* **EXERCISE DESCRIPTION**: Only the lines below from the one that holds "Spill-Proof 3-Section Suction" through the one that holds "CTRINEWS for Nissan" should appear in the answer, copied exactly, end lines included and pictures omitted.

★ ★ ★ ★ ★ ★ ★

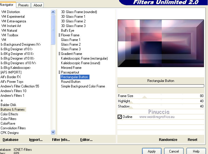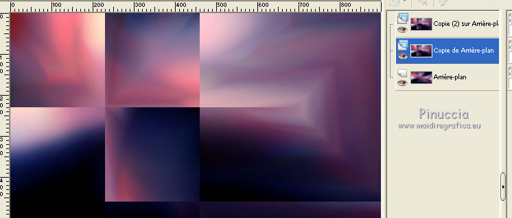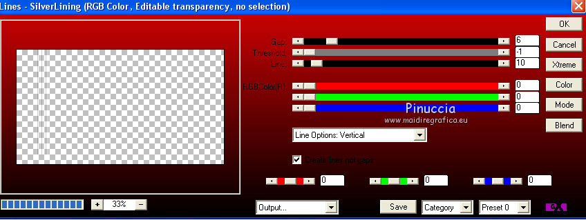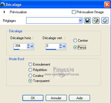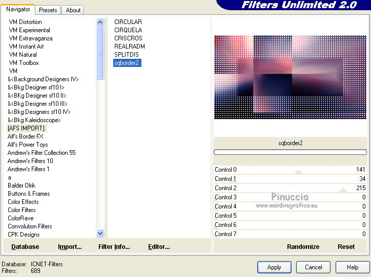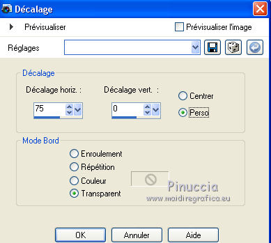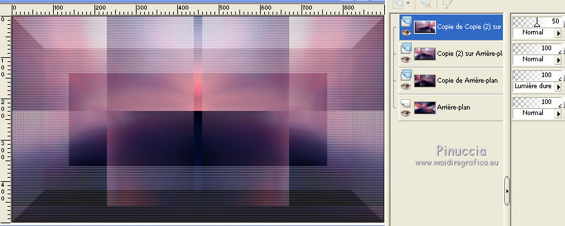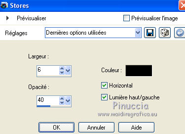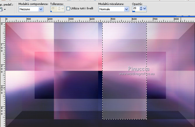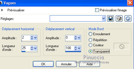 Ce tutoriel a été créé avec CorelX17, mais il peut également être exécuté avec les autres versions. Pour traduire le tutoriel j'ai utilisé CorelX17 pour l'italien et CorelX2 pour le français. Suivant la version utilisée, vous pouvez obtenir des résultats différents. Depuis la version X4, la fonction Image>Miroir a été remplacée par Image>Renverser horizontalement, et Image>Renverser avec Image>Renverser verticalement. Dans les versions X5 et X6, les fonctions ont été améliorées par la mise à disposition du menu Objets. Dans la nouvelle version X7, nous avons à nouveau Miroir/Renverser, mais avec autres différences. Voir plus les détails à ce sujet ici Certaines dénominations ont changées entre les versions de PSP. Les plus frequentes dénominations utilisées: ![]() Traduction en italien ici Vos versions ici Nécessaire pour réaliser ce tutoriel: Matériel qui Pour le tube merci Riet. Modules Externes consulter, si nécessaire, ma section de filtre ici Filters Unlimited 2.0 ici AFS IMPORT - sqborder2 ici AP 01 [Innovations] - Lines SilverLining ici Filtres AFS IMPORT peuvent être utilisés seuls ou importés dans Filters Unlimited. voir comment le faire ici). Si un filtre est fourni avec cette icône, ![]() Si vous voulez utiliser vos propres couleurs, n'hésitez pas à changer le mode et l'opacité des calques Ouvrir le masque dans PSP et le minimiser avec le reste du matériel. 1. Ouvrir ag-10. FenÊtre>Dupliquer, ou sur le clavier shift+d pour faire une copie. ![]() Fermer l'original. La copie sera la base de votre travail. 2. Calques>Dupliquer. Effets>Modules Externes>Mehdi - Sorting Tiles. ![]() 3. Calques>Dupliquer. Vous positionner sur le calque de dessous - copie de Arrière plan. ![]() 4. Effets>Effets de textures>Stores, couleur noire. ![]() 5. Placer le calque en mode Lumière dure (pour le moment vous ne voyez pas différences). ![]() 6. Vous positionner sur le calque du haut de la pile (copie 2 sur Arrière-plan). Effets>Modules Externes>Filters Unlimited 2.0 - AFS IMPORT - sqborder2, par défaut. ![]() 8. Effets>Modules Externes>Filters Unlimited 2.0 - Buttons & Frames - Rectangular Button. ![]() 9. Calques>Dupliquer. Image>Miroir. Réduire l'opacité de ce calque à 50%. ![]() 10. Calques>Fusionner>Fusionner le calque de dessous. 11. Placer le calque en mode Écran. ![]() 12. Calques>Nouveau calque raster. Activer l'outil Sélection ![]() (peu importe le type de sélection, parce que avec la sélection personnalisée vous obtenez toujours un rectangle), cliquer sur Sélection personnalisée ![]() et setter ces paramètres. ![]() 13. Placer en avant plan la couleur blanche. Réduire l'opacité de l'outil Pot de peinture à 20 et remplir la sélection avec la couleur blanche.![]() Sélections>Désélectionner tout. 14. Effets>Effets de distorsion>Vagues. ![]() 15. Calques>Dupliquer. Effets>Effets d'image>Décalage. ![]() 16. Calques>Nouveau calque raster. Sélection personnalisée ![]() ![]() 17. Remplir la sélection avec la couleur blanche, opacité toujours à 20.![]() Sélections>Désélectionner tout. 18. Effets>Modules Externes>AP 01 (Innovations) - Lines SilverLining. ![]() 19. Calques>Dupliquer. Effets>Effets d'image>Décalage. ![]() Calques>Fusionner>Fusionner le calque de dessous. 20. Calques>Dupliquer. Effets>Effets d'image>Décalage. ![]() Calques>Fusionner>Fusionner le calque de dessous. 21. Calques>Nouveau calque raster. Placer à nouveau l'opacité de l'outil Pot de peinture à 100, et remplir le calque avec la couleur blanche.22. Calques>Nouveau calque de masque>A partir d'une image. Ouvrir le menu deroulant sous la fenêtre d'origine et vous verrez la liste des images ouvertes. Sélectionner le masque masker 1. ![]() Calques>Fusionner>Fusionner le groupe. 23. Ouvrir deco-1.png - Édition>Copier. Revenir sur votre travail et Édition>Coller comme nouveau calque. Il est à sa place. 24. Ouvrir deco-2.png - Édition>Copier. Revenir sur votre travail et Édition>Coller comme nouveau calque. Déplacer le tube à droite - voir mon exemple.25. Ouvrir deco-3.png - Édition>Copier. Revenir sur votre travail et Édition>Coller comme nouveau calque. Déplacer le tube à gauche - voir mon exemple.Calques>Agencer>Déplacer vers le bas - 2 fois. ![]() 26. Vous positionner sur le calque du haut de la pile. Ouvrir tekst-deco-2.png - Édition>Copier. Revenir sur votre travail et Édition>Coller comme nouveau calque. Déplacer le tube à droite - voir mon exemple.Placer le calque en mode Recouvrement. ![]() 27. Image>Ajouter des bordures, 1 pixel, symétrique, couleur noire. Image>Ajouter des bordures, 5 pixels, symétrique, couleur blanche. Image>Ajouter des bordures, 1 pixel, symétrique, couleur noire. Image>Ajouter des bordures, 45 pixels, symétrique, couleur blanche. Image>Ajouter des bordures, 1 pixel, symétrique, couleur noire. 28. Ouvrir le tube Riet_288_110317.psp - Édition>Copier. Revenir sur votre travail et Édition>Coller comme nouveau calque. Effacer le watermark. Image>Redimensionner, à 70%, redimensionner tous les calques décoché. Positionner bien le tube.Effets>Effets 3D>Ombre portée, à choix. 29. Signer votre travail sur un nouveau calque. Calques>Fusionner>Tous et enregistrer en jpg. ![]() Si vous avez des problèmes, ou des doutes, ou vous trouvez un link modifié, ou seulement pour me dire que ce tutoriel vous a plu, vous pouvez m'écrire. 23 Août 2017 |
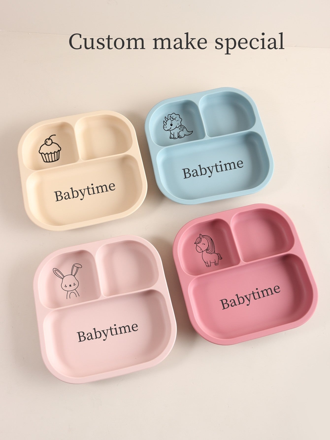 Spill-Proof 3-Section Suction Plate | Custom Name & Fun Cartoon Designs for Toddlers baby silicone square plate
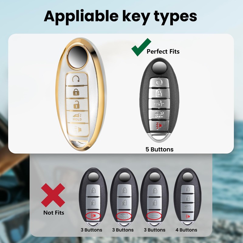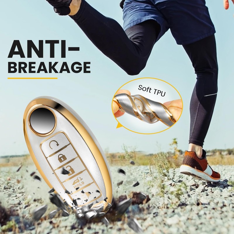 CTRINEWS for Nissan Key Fob Cover with Upgraded Anti-lost Luxury Keychains, Fashionable Matte Metallic Silver Soft Case for Altima Maxima Armada Sentra FX QX (5 Button) (Gold, A3)
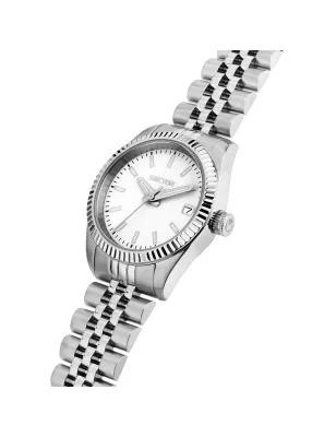 Sector 240 R3253240514 tempo e data donna quarzo cassa acciaio 32mm spessore 9.15mm finitura lucida satinata. Quadrante bianco, lunetta zigrinata, bracciale acciaio, chiusura deployante con blocco sicurezza, movimento quarzo, impermeabile 50m, garanzia Sector.
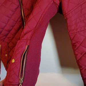 EUC Maroon quilted jacket. Slick material. Has stretchy sides. Size small. Active USA brand
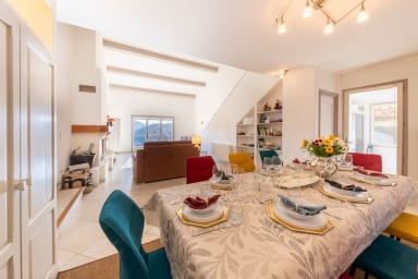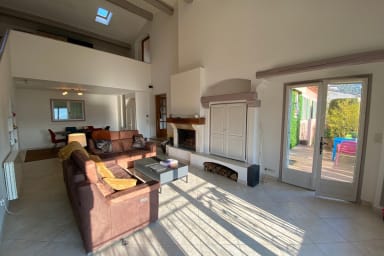 La villa est composée de 3 niveaux. Vous aurez au rez-de-chaussée un vaste salon avec cheminée avec une table à manger permettant d’accueillir 10 personnes, une cuisine fermée entièrement équipée, une chambre avec sa salle d'eau et WC privatifs et un WC d'invités.
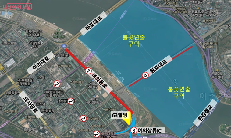 축제 당일 여의도 한강공원 일대는 안전을 위해 서울세계불꽃축제 교통 통제가 이루어질 예정이므로, 가급적 대중교통을 이용하여 방문하는 것이 더 편리할 것으로 예상됩니다.
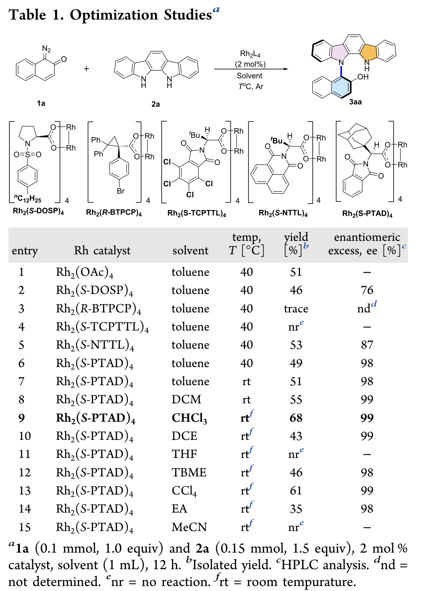 作者以重氮萘醌1a和吲哚并[2,3-a]咔唑2a为模板底物,通过对催化剂、溶剂以及温度等条件进行筛选,确定最优条件(Table 1)为:以2 mol%Rh2(S-PTAD)4为催化剂,CHCl3为溶剂,底物在室温条件下反应12 h,能以68%的收率和99%的对映选择性得到轴手性产物3a。
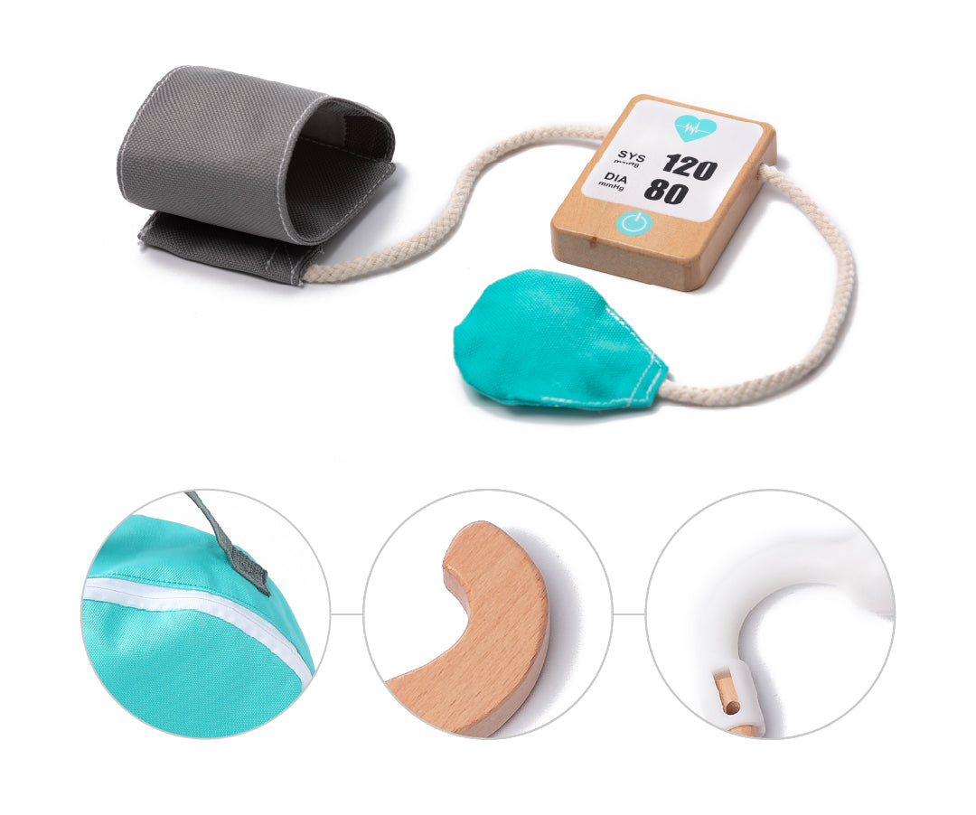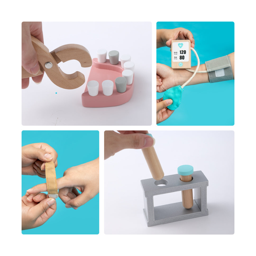 Dieses Holzspielset enthält: 1.) Flüssigseife, 2.) Seife, 3.) Kleine Schale, 4.) Zahnextraktionszangen, 5.) Reagenzglas-Halter, 6.) Arztkappe, 7.) Arztkittel, 8.) Hängeflasche, 9.) Runde Medizinflasche, 10.) Stethoskop, 11.) Sphygmomanometer, 12.) Modell eines Zahns, 13.) Pinzette, 14.) Schere, 15.) Desinfektionsmittel, 16.) Tabletten, 17.) Kapseln, 18.) 2x Röntgenstrahlen, 19.) 2x Wattestäbchen, 20.) Zungenschaber, 21.) 2x Reagenzglas, 22.) Mundspatel, 23.) Zahnbürste, 24.) Nervenhammer, 25.) Stirnthermometer, 26.) Thermometer, 27.) Pflaster, 28.) Stäbchen für Zahnseide, 29.) Salbe, 30.) Spritze, 31.) Zahnärztlicher Sondierungsstab, 32.) Mundspiegel und 33.) Arztkoffer

★ ★ ★ ★ ★ ★ ★

* **YOUR RESPONSE**:
 Spill-Proof 3-Section Suction Plate | Custom Name & Fun Cartoon Designs for Toddlers baby silicone square plate
 CTRINEWS for Nissan Key Fob Cover with Upgraded Anti-lost Luxury Keychains, Fashionable Matte Metallic Silver Soft Case for Altima Maxima Armada Sentra FX QX (5 Button) (Gold, A3)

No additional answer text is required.